# To release? Or not to release?



## Nicola647 (Oct 5, 2018)

Hello

I'm new to this site. In fact, I'm very new to being a pigeon mummy. 

8 weeks ago, walking to work, i found a week old pigeon (tiny and covered in yellow fluffy feathers) 
I rescued him from the mouth of a cat.
Presume he fell from his nest, the cat thought it was his lucky day.

Anyway after reading up as much as possible on what to do and what to feed him, I now have a very happy and healthy fledgling. 

He's growing lovely feathers. He wants to fly (He's starting to try) 
He is very vocal when he sees me. Always chirping as soon as he sees me.
He nuzzles my hands a lot (a comfort thing?) 
I've really bonded with him.

So he must be around 9 weeks old now.

He's living indoors with me
I've got him in an indoor guinea pig cage 

He's learnt to drink water
But he isn't yet eating on his own
I'm still hand feeding him.

When should he be able to eat on his own?

I always put seed in his cage to try to encourage him. He pecks at it, but drops it ! 

Will he now be too tame to be released? 

I'm happy to continue caring for him.
I never knew I'd bond this much with a baby pigeon.

I just don't want to stop him being a wild bird. If he could survive in the wild. But there are lots of sparrow hawks around here. I'd hate to release him only for him to be killed.

Any advice would be great please.

Thanks 

Nicola
Essex
UK


----------



## Niki27 (Oct 5, 2018)

I’m in the same dilemma we have a strong bond now my boy dose the over excited wing movement when I was in shouting his little head off can I ask what you are feeding your little one ? I’m still trying bits and I’m still trying to get him to drink but not having much luck with that 
Nicola uk Warwickshire


----------



## cwebster (Dec 11, 2010)

Because they do not have pigeon parents to teach them survival skills, i think rescued babies should be kept and not released.


----------



## Jay3 (May 4, 2008)

cwebster is right. They learn how to survive from their parents and flock when they first come out of the nest at about 6 weeks old. Being raised by a human, they never learned how to be a bird. Their chances of survival go way down if you release them now.

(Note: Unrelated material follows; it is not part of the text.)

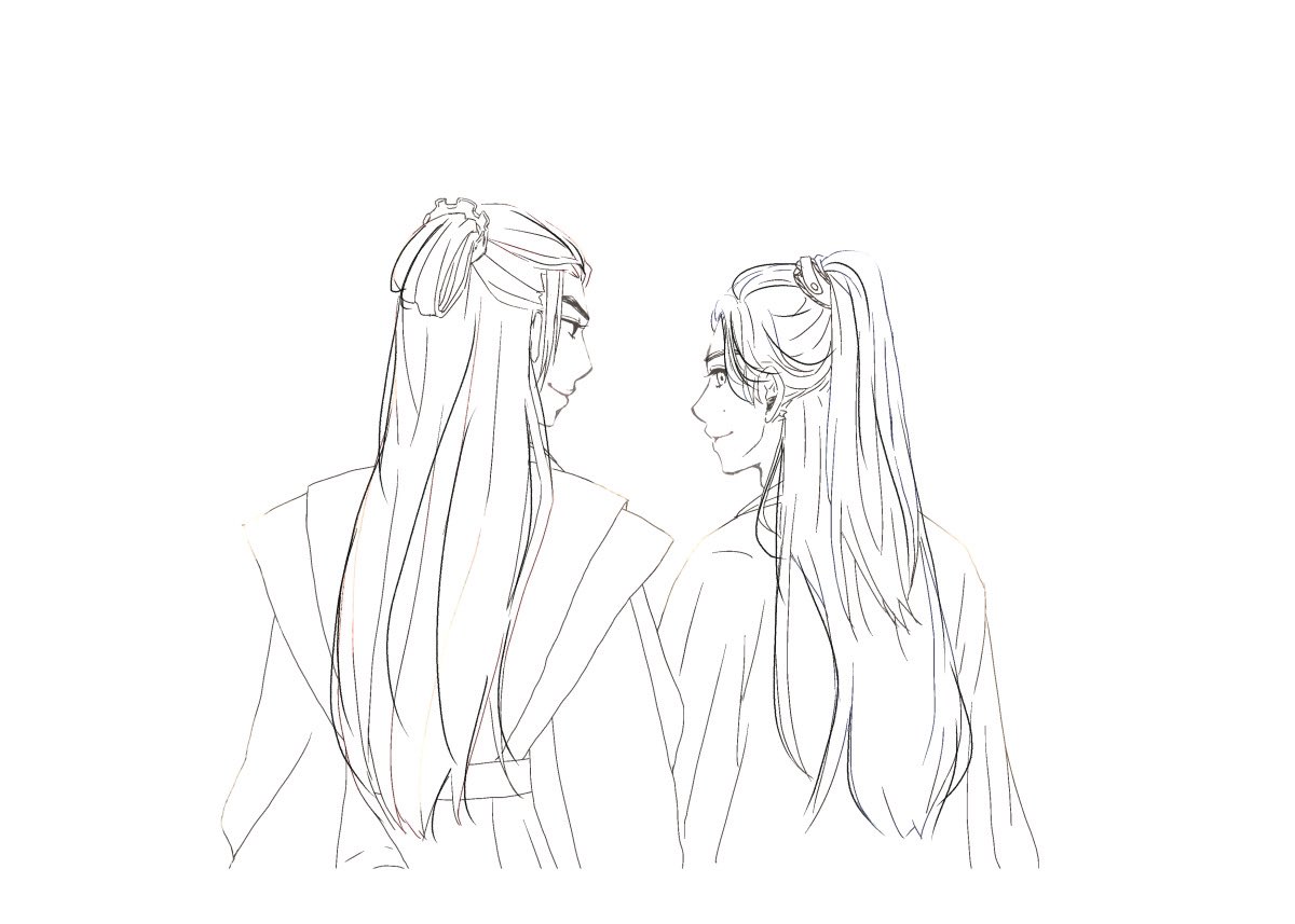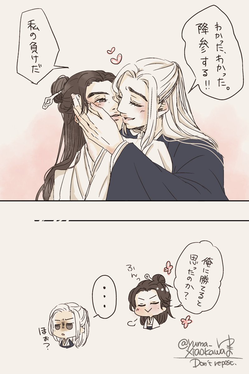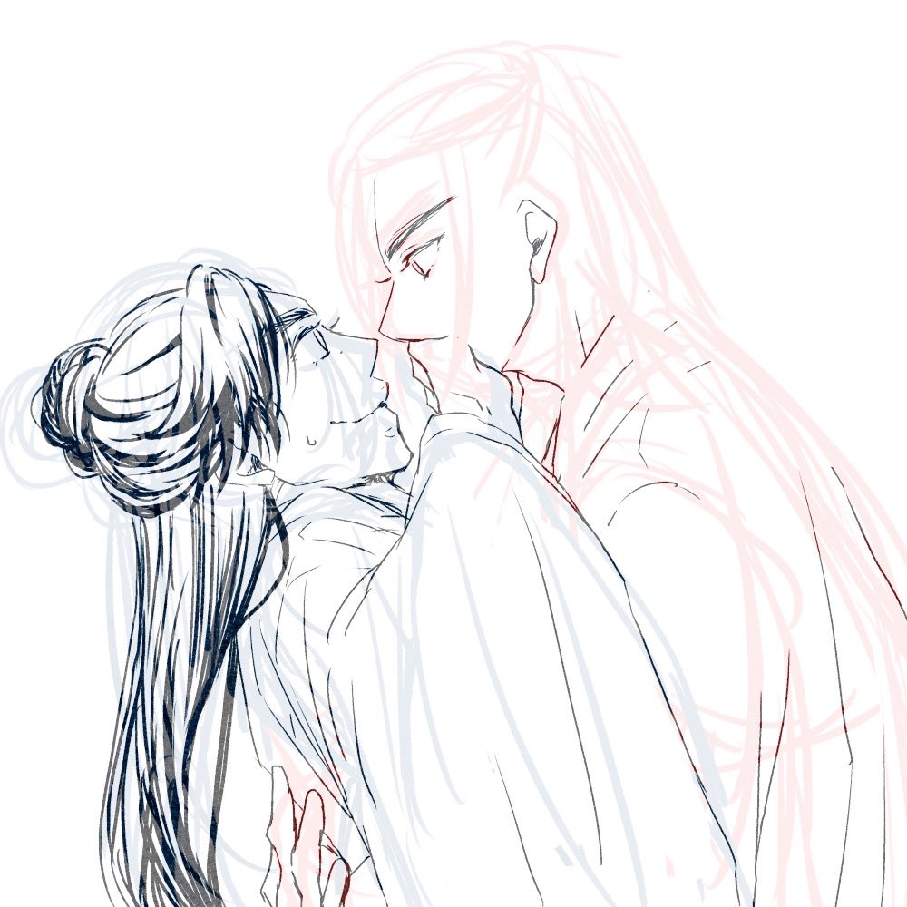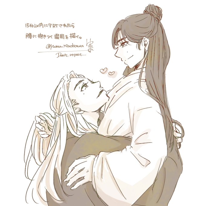 描きました😌🙏(温周) 34話の抱きついてお腹に耳当ててる老温のとこめちゃくちゃ好きなんだけど、そこの阿絮が老温の髪を後ろに流すのがどちゃくそ好きなんですよね☺️☺️☺️☺️ twitter.com/yuma_xiaokawa/…
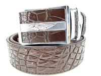 Crocodile leather belt made from genuine Siamese crocodile skin, smooth part of crocodile knee. This belt made from genuine Siamese crocodile skin soft and supple. The top surface of the belt made from crocodile skin, the skin is glued together from few pieces, but gluing of skin made very professionally and almost invisible. As a base of belt used genuine cow skin. Belt equipped steel automatic buckle with crocodile shield on the middle of buckle and two crocodile skin strips.

As far as getting them to eat, it is sometimes easier to hand feed defrosted frozen peas, which have been defrosted and warmed under warm running water. You can do this 3 times a day and about 30 peas each time. Soon they will view peas as food and should learn to pick them up on their own. After that they will more easily transition over to seed. That or just keep putting seed down and pecking at it with your finger, like a beak. Don't feed him in the morning, and let him be hungry. Hunger is a great motivator to learn. If he hasn't eaten after several hours, then feed him. Some will learn right away, and some would rather be fed forever it seems. A little tough love here does help. It's what the parents would do. They can eat on their own by 3 weeks of age by watching the parents eating, if you keep seed and water in their nest box. Your bird is plenty old enough to eat on his own.


----------



## Nicola647 (Oct 5, 2018)

Niki27 said:


> I’m in the same dilemma we have a strong bond now my boy dose the over excited wing movement when I was in shouting his little head off can I ask what you are feeding your little one ? I’m still trying bits and I’m still trying to get him to drink but not having much luck with that
> Nicola uk Warwickshire


 hi Nicola. How old is your baby pigeon? Can I ask do you keep him indoors or out? Do you think you'll keep him? Going by the advice here my little one will not be released because he just doesn't have the instinct to protect himself.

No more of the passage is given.